25. Under the empire of heat and humidity and in consequence of the excess of carbonic acid dispersed into the air – a gas improper for the respiration of terrestrial animals but necessary to the plants – the exposed terrains were quickly covered with a pungent vegetation while at the same time aquatic plants multiplied on the surface of marshes. Plants, which in our day are simple herbs a few inches high, attained a prodigious height and magnitude; there were then forests of tree-like ferns from eight to ten yards in height, and of proportionate magnitude; plants called wolfs foot, and a kind of moss of the same size, equisetum arvense, * four or five yards high, which we hardly see now. At the end of this period pines or fir-trees began to appear.

* A marsh-plant commonly called horsetail.

26. In consequence of the displacement of the waters, the grounds which produced these masses of vegetation were many times submerged, covered again with terrestrial sediment, during which those which had become dry appeared in their turn with a similar vegetation; thus there were many successive generations of vegetables destroyed and renewed again. The animals being aquatic suffered nothing from these changes.

These remains accumulated during a long series of years, and formed beds of great thickness. Under the actions of heat, of humidity, of pressure, exercised by subsequent terrestrial deposits, and, without doubt, also various chemical agents, such as gas, acids, and salts, products of a combination of primitive elements, these vegetable substances were submitted to a fermentation converting them into coal. The coal-mines are, then, the direct result of the decomposition of a mass of vegetables accumulated during the transition period. That is why they are found in almost every country. *

* Turf is produced in the same manner by the decomposition of vegetable matter in marshy grounds; but with this difference, being much more recent and formed under different conditions, it has not had time to carbonize.
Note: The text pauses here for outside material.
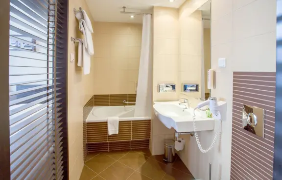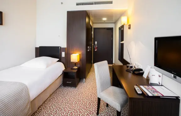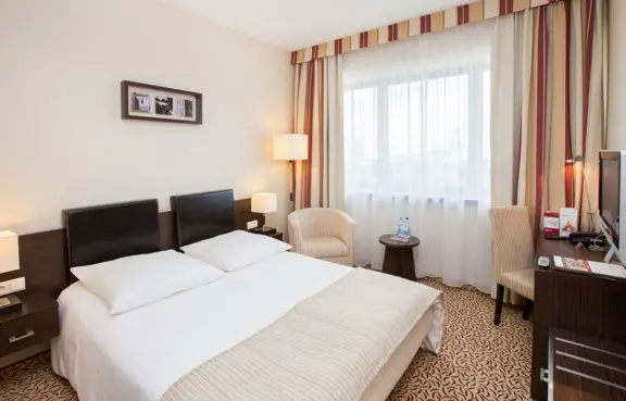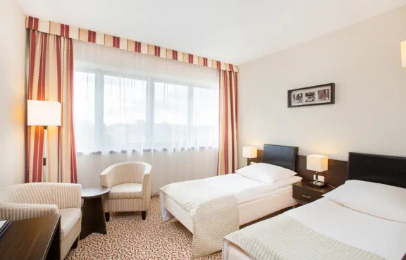Trzygwiazdkowy hotel, ze 125 miejscami noclegowymi, 2 salami konferencyjnymi i restauracją.

27. The fossil remains of the luxuriant vegetation of this epoch are being discovered today under the ice of the polar regions, as well as in the torrid zone: therefore it is necessary to conclude, that, since vegetation was uniform, the temperature also must have been equally so. The poles were then not covered with ice as now: then the Earth drew its heat from itself, from the central fire which equally heated all the solid bed, then too thin to offer to it successful resistance. This heat was much greater than that conveyed by the solar rays, enfeebled as they were by the density of the atmosphere. Later on, when the central heat could exert only a feeble influence upon the surface, that of the sun preponderate; and the Polar Regions, receiving only oblique rays giving very little heat, became covered with ice. One understands that at the epoch of which we speak, and for a long time after, ice was unknown upon the Earth.

This period has been a very long one, judging from the number and thickness of the coal-beds. *

* In the Bay of Fundy (Nova Scotia), M. Lyell found upon a coal-bed four hundred yards in thickness, sixty-eight different levels, presenting evident traces of many forest soils, the trunks of the trees of which were still garnished with their roots (L. Figuier). Supposing that it takes one thousand years to form each of these levels; it must have taken sixty-eight thousand years to form this coal-bed alone.